The slide 101 does not block the activation of the safety equipment
40. The safety equipment 40 can be adjusted from "firing" position
to "secured" position.
[0041] In order to correct the dysfunction, the breech block 3 is
manually pulled back (fully loaded). During the process of fully
loading, the release lever 53 is also activated and the rear lever
arm 23 including the sear arm 31 moves upward out of the housing
profile into the moving range of the breech block 3. The process of
fully loading is also possible in the "secured" position of the
safety equipment 40 because the slide 101 including the finger 105
in neutral position II is situated outside the effective range of
the safety equipment 40. Also the lowering movement which the
safety barrel exerts on the rear lever arm 23 during the process of
fully loading is not obstructed.
[0042] After the process of fully loading, the sear catch 33 of the
breech block 3 once again rests against the sear arm 31 of the
slide stop 21, after first having displaced the slide 101 engaging
at the rear face surface 103 into the safety position I in the
slide stop 21. The finger 105 (shown in its safety position in
dashed fashion in FIG. 5) is situated in the effective range of the
safety equipment 40. The weapon is immediately in secured
condition.
[0043] Now all required operations can be performed in the front
area of the weapon without running the risk that the breech block 3
will be released through accidental activation of the trigger
9.
[0044] According to one example, by means of the slide 101, which
can be adjusted relative to the sear arm 31 and which has a finger
105 engaging at the safety equipment 40, the following is provided:
On the one hand, the weapon can be fully loaded even in secured
position, because the slide 101 having the finger 105 is situated
in the effective range of the safety equipment 40 only if the
breech block 3 including its sear catch 33 has moved the rear face
surface 103 of the slide 101 so far into the slide stop 21 that it
closes flush with the rear face surface of the sear arm 31, and the
sear catch 33 rests against the sear arm 31. On the other hand, the
weapon can be secured in any condition, even if the breech block 3
is located in front of the handle and the rear lever arm 23 is
lowered into the handle 2 because the slide 101 in neutral position
II runs outside of the effective range of the safety equipment
40.
[0045] In a second example shown in FIGS. 2 though 7, the slide 101
has been substituted with a two-armed pivoted lever 201, which is
located at a swivel axis 202 in the rear lever arm 23 running
lateral to the bore axis 5. In one example, the first lever arm is
shorter than the second lever arm and wherein ratio of the first
lever arm length to the second lever arm length comprises about 1:2
to about 1:3 and the swivel axis 202 runs through a center of
gravity of the pivot lever. At the same time, an upper lever arm
203 of the pivoted lever 201 forms the actuator by means of its
rear face surface. At said actuator, the sear catch 33, with the
breech block 3 resting against the sear arm, moves the pivoted
lever 201 against the force of a spring arrangement 204 into
secured position so that a lower lever arm 205 of the pivoted lever
201 moves as a locking element into the effective range of the
safety equipment 40 (see FIGS. 2 and 3). In this position, the
upper pivoted lever arm 203 submerges completely in the profile of
the sear arm 31.
[0046] If the breech block 3 including the sear catch 33 does not
rest against the sear arm 31, the pivoted lever 201 under the
influence of the spring arrangement 204 accepts neutral position,
in which the lower lever arm 205 lies outside of the effective
range of the safety equipment 40, and the upper lever arm 203
protrudes partially out of the rear profile of the sear arm (FIGS.
4-7).
[0047] The functionality of this safety equipment is analogous to
the safety equipment described in the context of the first example.

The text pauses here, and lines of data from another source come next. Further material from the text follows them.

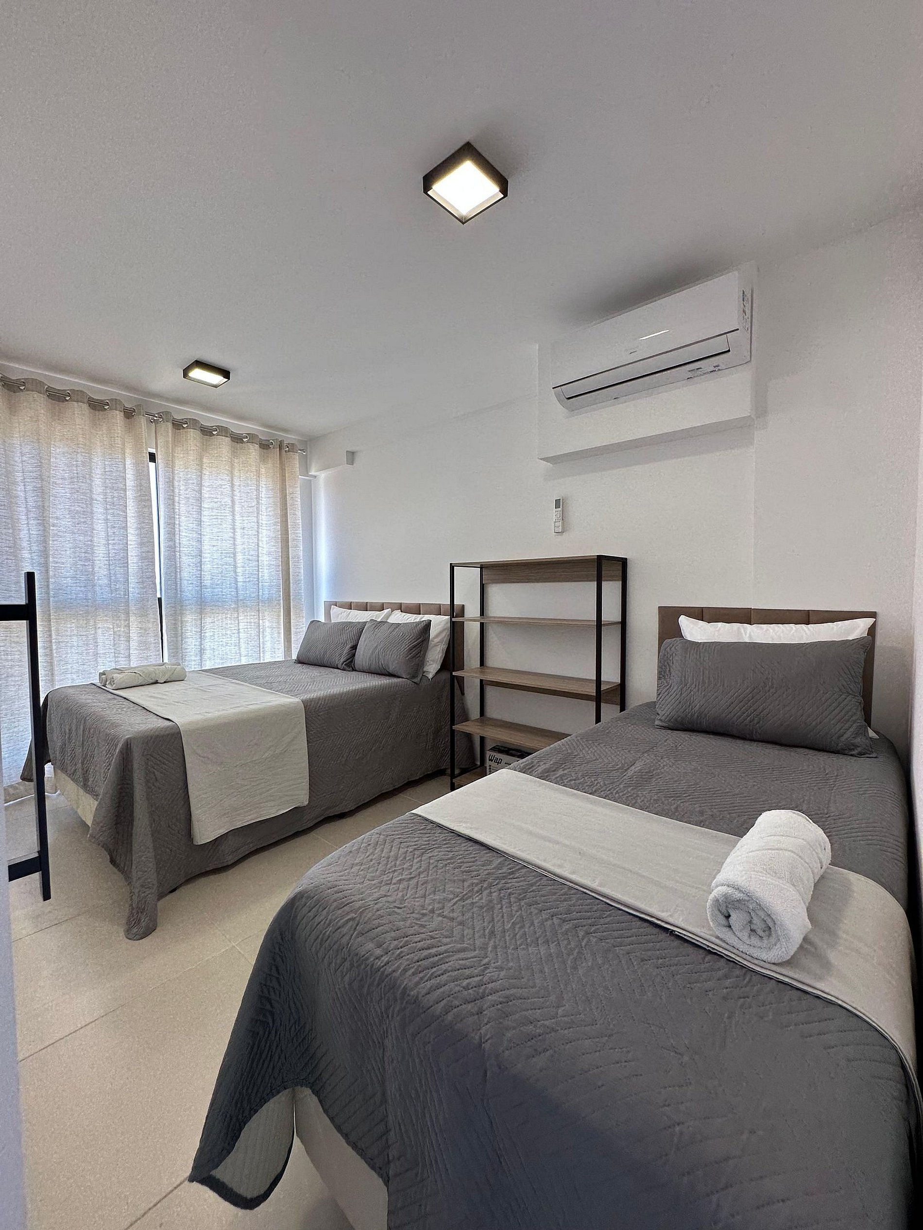 Nosso flat conta com apartamentos bem equipados, projetados para proporcionar a você o máximo de conforto. Cada unidade possui ar-condicionado, Wi-Fi gratuito, TV de tela plana e uma cozinha compacta, facilitando sua estadia. Descanse em camas confortáveis e aproveite os detalhes que tornam seu refúgio ainda mais especial.
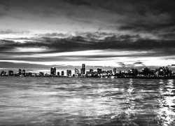 Edytor tapety: Morze, Drapacze, Chmur, Miasto, Nocą
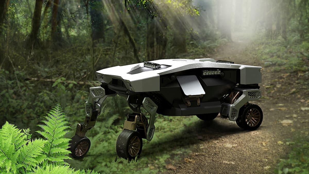 The ground excursion robot is designed to carry various types of payload while traveling over challenging terrain. A large load bay housed within its body means TIGER can carry goods for delivery. Leg-wheel articulation enables TIGER to tackle a range of extreme situations while keeping payloads more level than a typical ground vehicle.
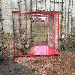 Un cube en structure acier et sangles extensibles est incrit dans l’encadrement des portes de part et d’autre du troisième carré des onzes. Les visiteurs sont invités à traverser cette structure en jouant avec les câbles extensibles qui composent un espace clos. Ce passage devient une expérience physique inédite où les visiteurs deviennent acteurs. Positionnés de biais, les cubes créent une impression d’instabilité et donc de dissonance dans ce paysage, tout en respectant la trame originale dessinée par Jean-Baptistela Quintinie (créateur du Potager du Roi).
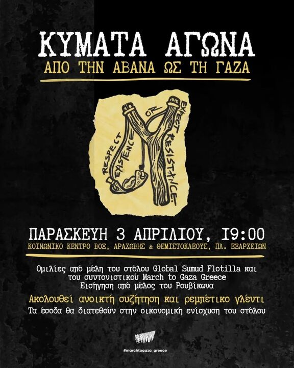 Ομιλίες από μέλη του Global Sumud Flotilla και του συντονιστικού March to Gaza Greece
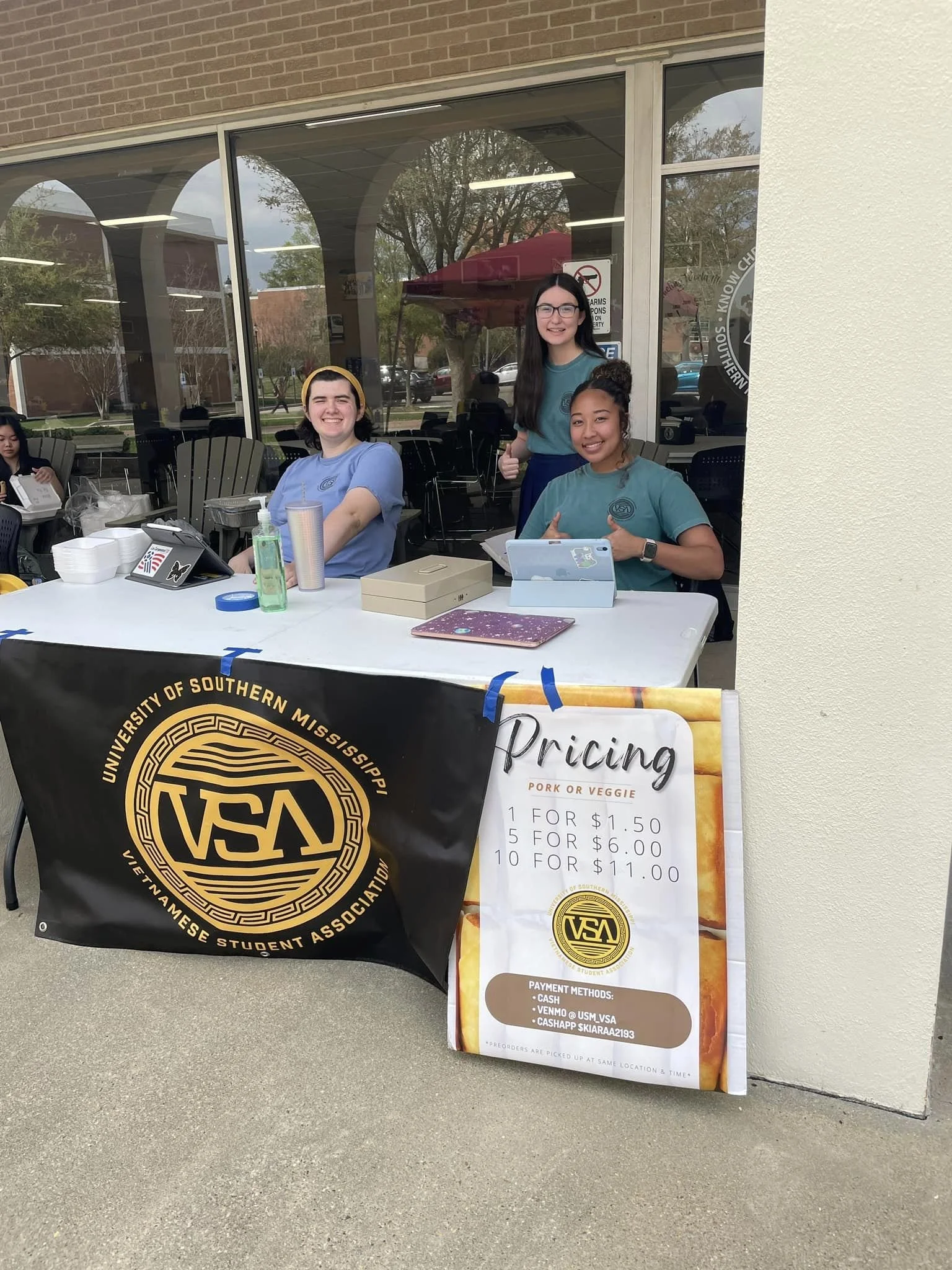 Our twice-yearly Eggroll Festival is an opportunity for us to interact with the Southern Miss Community and promote our organization. The major objectives are to involve the university community, promote VSA, and raise money for our organization and philanthropy. Our festival takes place once in the fall and once in the spring. Our day of sale for the fall took place on October 12, 2022. Our goal was to sell roughly 1.1k eggrolls and we ended up selling 2.3k eggrolls. For our spring event, we hosted Eggroll Fest on March 8th, 2022. We set a goal of selling 1.2k eggrolls and sold a total of 1.3k eggrolls. The accumulated profits of birth festivals came out to be approximately $3000.
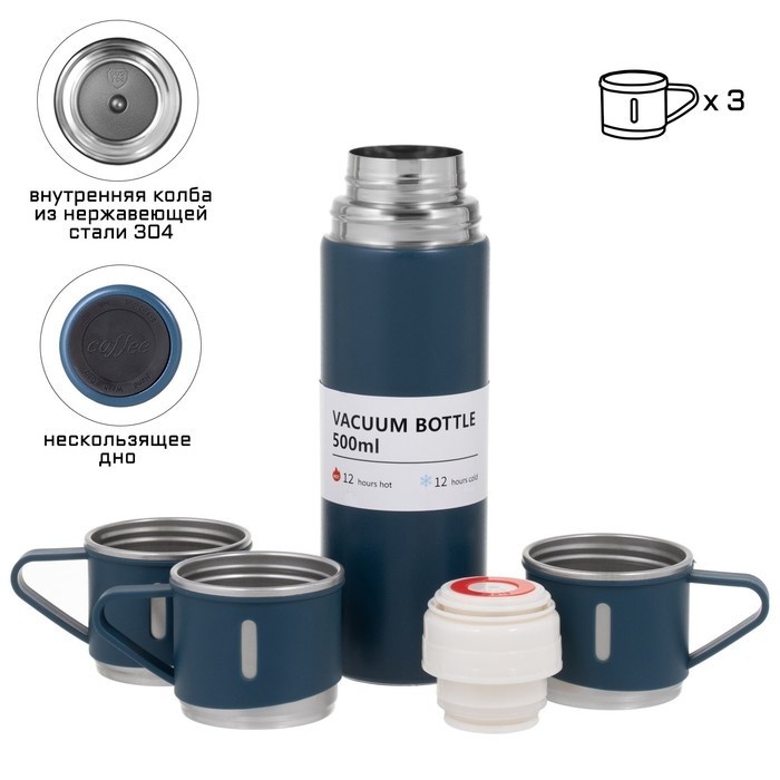 Набор «Мастер К», термос 500 мл и 3 кружки 160 мл, сохраняет тепло 12 ч, нержавеющая сталь, синийВопросы по товару
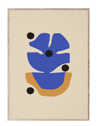 A single flower in warm yellow and vibrant indigo blue forms the centerpiece of Flor Azul by Mexican artist Berenice Hernandez. Recalling the streets of her youth, the motif is a graphic representation of the plant filled urban landscapes she grew up around in southern and central Mexico. Set against a warm backdrop in beige, the flower floats in and around four black dots that ground the composition. A simple, yet bold expression of colour and life. Berenice Hernandez for Paper Collective. A graphic art print / poster manufactured in Denmark from environmentally certified materials and production.

However, the pivoted lever 201 is able to realize extremely short
adjustment travels of the upper lever arm 203, because the lower
lever arm 205 is designed longer than the upper lever arm 203. In
the process, the shorter swivel travel of the upper lever arm 203
causes the longer swivel travel of the lower lever arm 205.

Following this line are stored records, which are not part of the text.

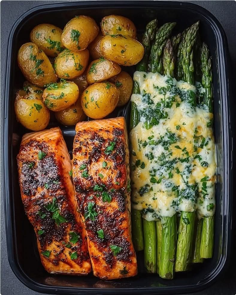 The Grilled Salmon with Asparagus and Baby Potatoes, as masterfully presented in your culinary collection, represents the gold standard of modern nutrition and gourmet plating. This dish is a celebration of the “Big Flavor” philosophy, where high-quality lean proteins, complex carbohydrates, and fibrous greens are brought together through precision cooking and vibrant garnishing. Characterized by the deep, mahogany sear of the salmon fillets, the golden sheen of herbed baby potatoes, and the tender-crisp texture of cheesy asparagus, this platter is designed for those who refuse to compromise between health and indulgence.
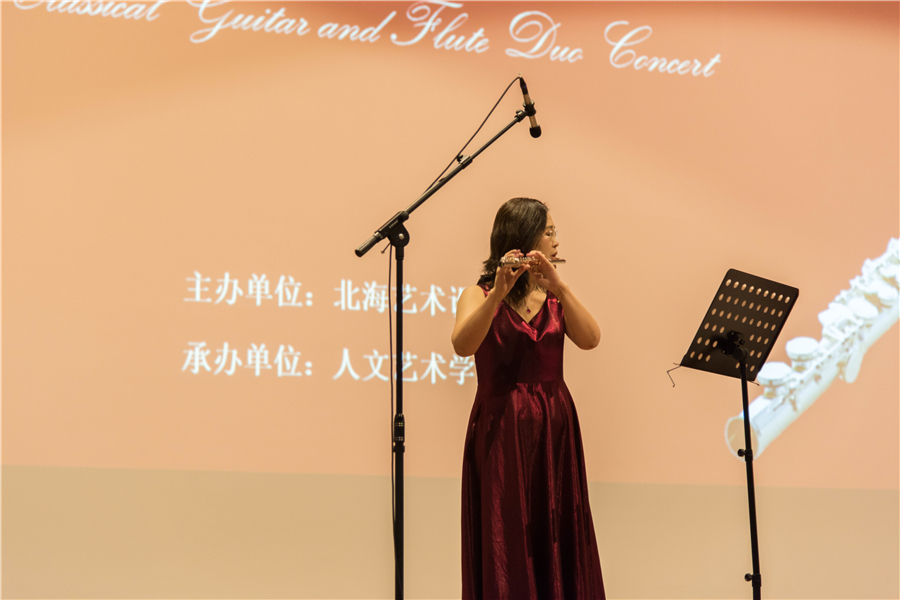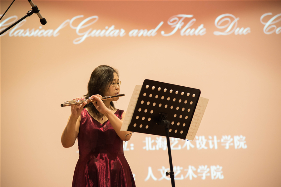 2019年10月31日晚,古典吉他与长笛二重奏音乐会在我校大礼堂成功举办,此次音乐会有幸邀请到来自法国的古典吉他演奏家埃瑞克·佛朗塞利和旅法长笛演奏家郝雪雯同台献演。两位艺术家为我校师生带来了一场精彩的视听盛宴!
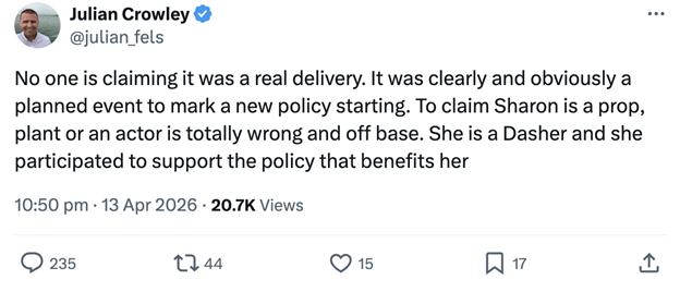 “No one is claiming it was a real delivery. It was clearly and obviously a planned event to mark a new policy starting. To claim Sharon is a prop, plant or an actor is totally wrong and off base. She is a Dasher and she participated to support the policy that benefits her[.]”
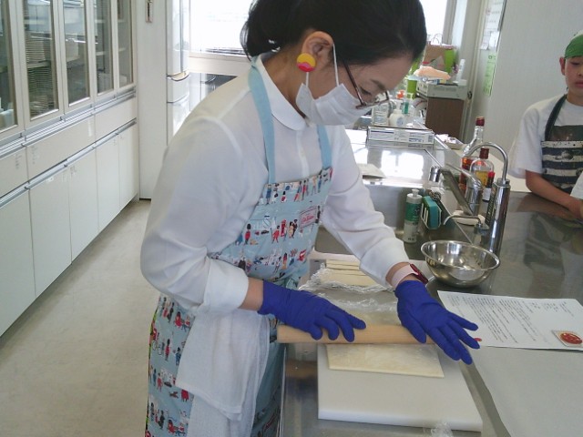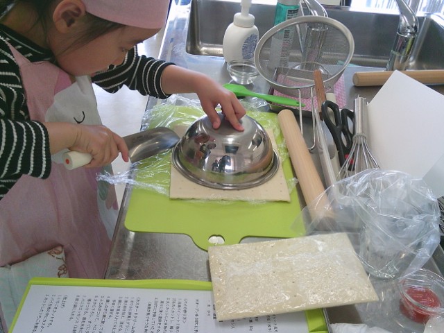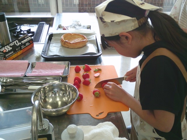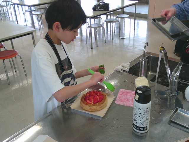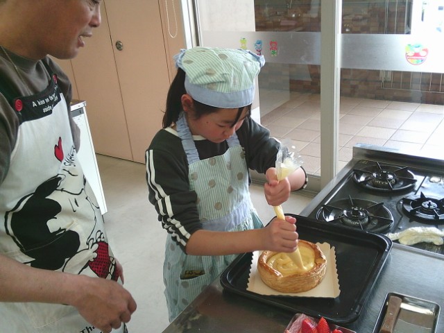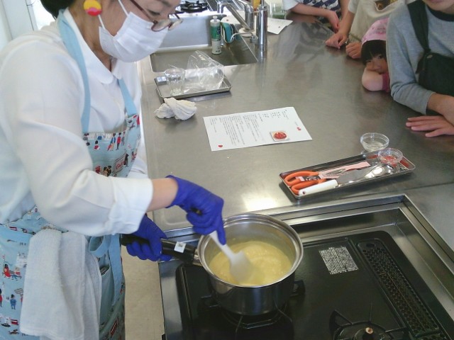先生のカスタード作り、子供さんも真剣。
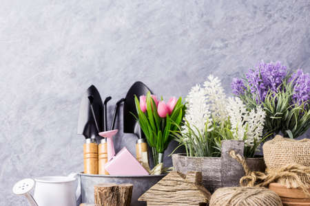 Gardening concept- gardening tools and flowers in the garden
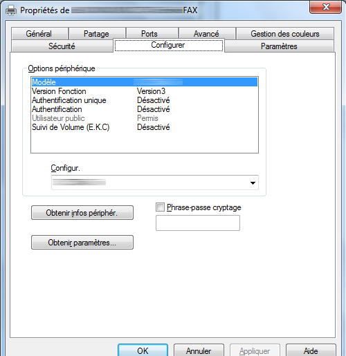 S'ils ne sont pas correctement configurés, sélectionnez [Authentification] ou [Suivi de Volume (E.K.C)] dans la liste, puis changez le réglage approprié dans [Configur.]
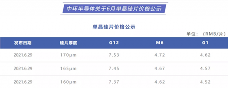 6月29日,中环公布了最新的硅片报价,与5月31日公布的价格相比,中环最新报价集体下跌,其中M6以下硅片价格下跌0.41元,G12型硅片更是下跌0.69元!
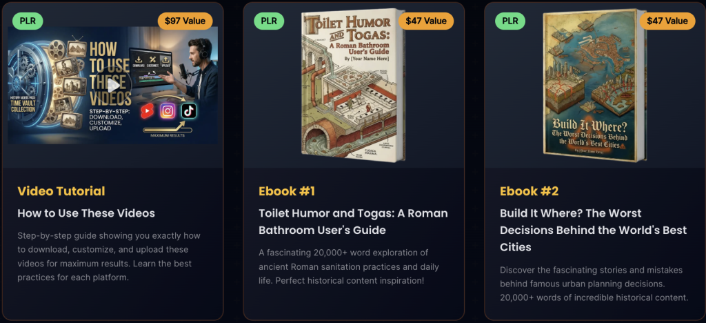 The (PLR) History Videos Pack – Time Vault Collection won’t automatically grant you a million followers. What it will do is remove the single biggest barrier for most of us: the unsustainable time and resource cost of producing consistent, quality short-form video.

[0048] The adjustment travel can become so short that the overlap
with the sear catch 33 of the retracting breech block 3 extents
backward only minimally longer than the slide stop (f) without
pivoted lever 21, as shown in FIGS. 8 and 9. As a result, the
breech arrangement according to FIGS. 2-7 can be exchanged with the
breech arrangement shown in FIGS. 8 and 9 without having to make
further adjustments. In practical terms it is only required to
exchange the handle.
[0049] In the examples described above, the safety equipment is
designed as twistable safety barrel 41 including the respective
recesses 43. There are other examples in which the safety equipment
is designed as a sliding lock in which a respective safety profile
is designed lateral or parallel to the bore axis 5. Such a sliding
lock has respective safety profiles including recesses and
effective ranges, interacting with the safety element (for example,
a slide 101 or a pivoted lever 201) arranged at the slide stop 21,
analogous to the described safety barrel 41. Such a sliding lock
can also be connected directly to a respective actuator or
actuating-drive which controls the weapon in a weapon station.
There are also examples that provide separate interfaces at which
such actuators or actuating-drives are arranged.

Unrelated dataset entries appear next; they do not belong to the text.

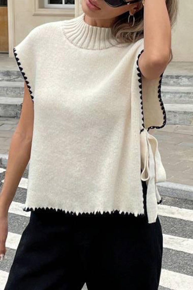 - A modell elegáns nyakkivágással, ujjatlan, oldalsó megkötőkkel és fekete részletekkel rendelkezik.
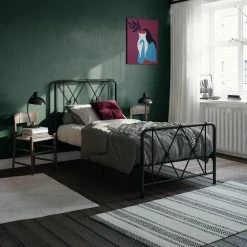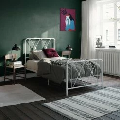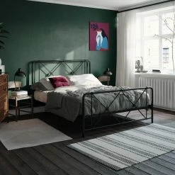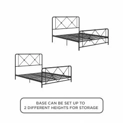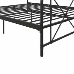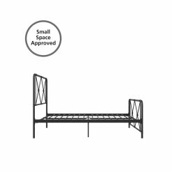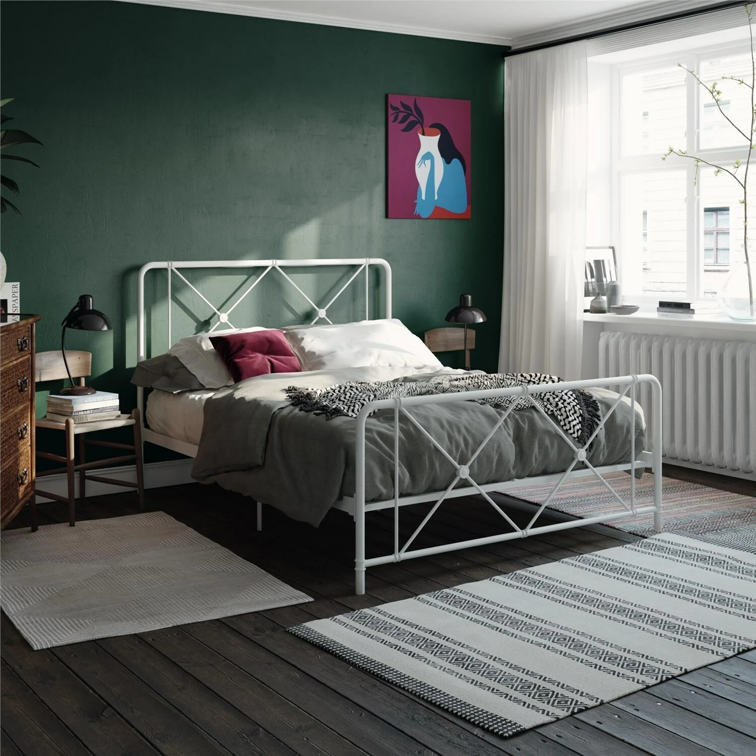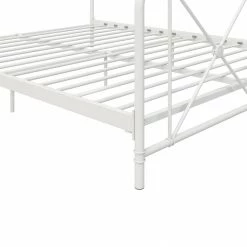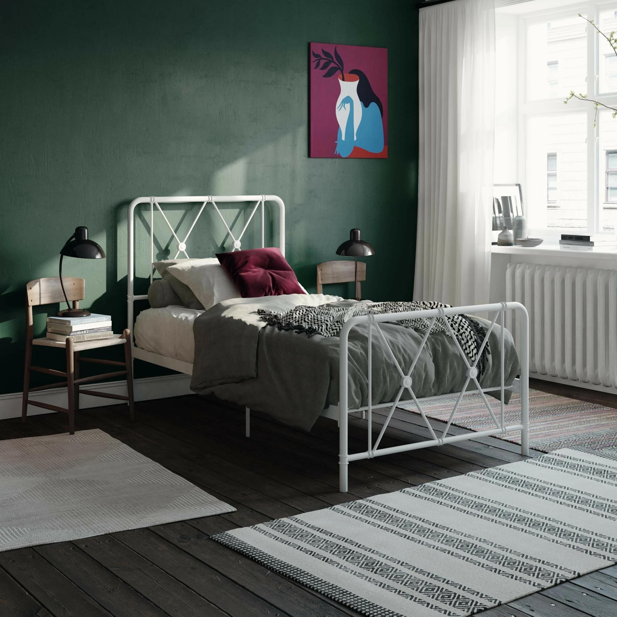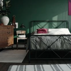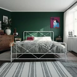 Give your bedroom a fresh look with this farmhouse style bed from Avenue Greene. The curved edges of the headboard and footboard create a soothing tone. The geometric medallion embossed pattern elicits a simple modern feel. Its sturdy metal constructed frame includes strong metal slats, center legs, and side rails that eliminate the need for any cumbersome box spring or foundation. This piece is offered in various sizes and colors.
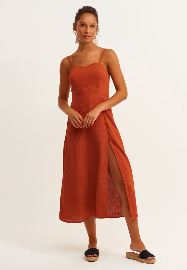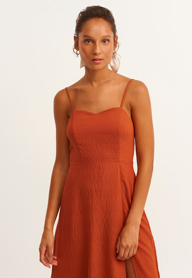 • Bayan Kiremit Yırtmaçlı Maxi Boy Elbise

[0050] As described above, the examples provide an improved catch
lever. For example, the catch lever may include a safety element
which, in relative position to the catch lever, can be adjusted
between neutral position and secured position.
[0051] The safety element accepts its secured position if the
breech block engages or attaches to the catch lever and the breech
block exerts operating force on the safety element in forward
direction (and adjusting to the secured position). In this position
(the secured position), the safety element engages to the safety
equipment, which simultaneously accepts its secured position and
fixes the catch lever at its arresting position.
[0052] However, in other respects, the safety element is in neutral
position (II) and releases the catch lever, independent of the
position of the safety equipment.
[0053] In this solution, the functions of "arresting the breech
block including the catch lever" and the actual safety function
"fixing of the catch lever in arresting position" are
constructively independent of each other, so that each component or
structural element (in this case: the catch lever and safety
element) can be ideally designed and constructed for their
respective task.
[0054] The catch lever can be constructed robust and sturdy for the
extreme stress to which it is exposed during interactions with the
breech block. The safety element, on the other hand, is not exposed
to extreme mechanical stress by the breech block. It has to be
especially designed to be reliable in its interactions with the
safety equipment.
[0055] At the same time, these arrangements allow for activation of
the safety equipment in any functional condition of the weapon,
without involving the danger that structural elements and the
remaining safety equipment collide with one another.
[0056] Moreover, malfunction of the safety element does not affect
the catch function of the sturdy sear arm at the catch lever. This
means that there is minimal risk of uncontrolled shooting without
activating the trigger.
[0057] Finally is it possible to fully load a weapon having such a
catch lever even in secured position and the safety equipment of
the weapon can be activated in any functional condition.
[0058] The second example embodiment increases functional safety in
that it is guaranteed by, for example, a spring that the adjustable
safety element accepts neutral position (because of resilience) or,
under the impact of the breech block against spring load, takes on
a secured position. In this way it is avoided that the function is
possibly influenced by intermediate positions.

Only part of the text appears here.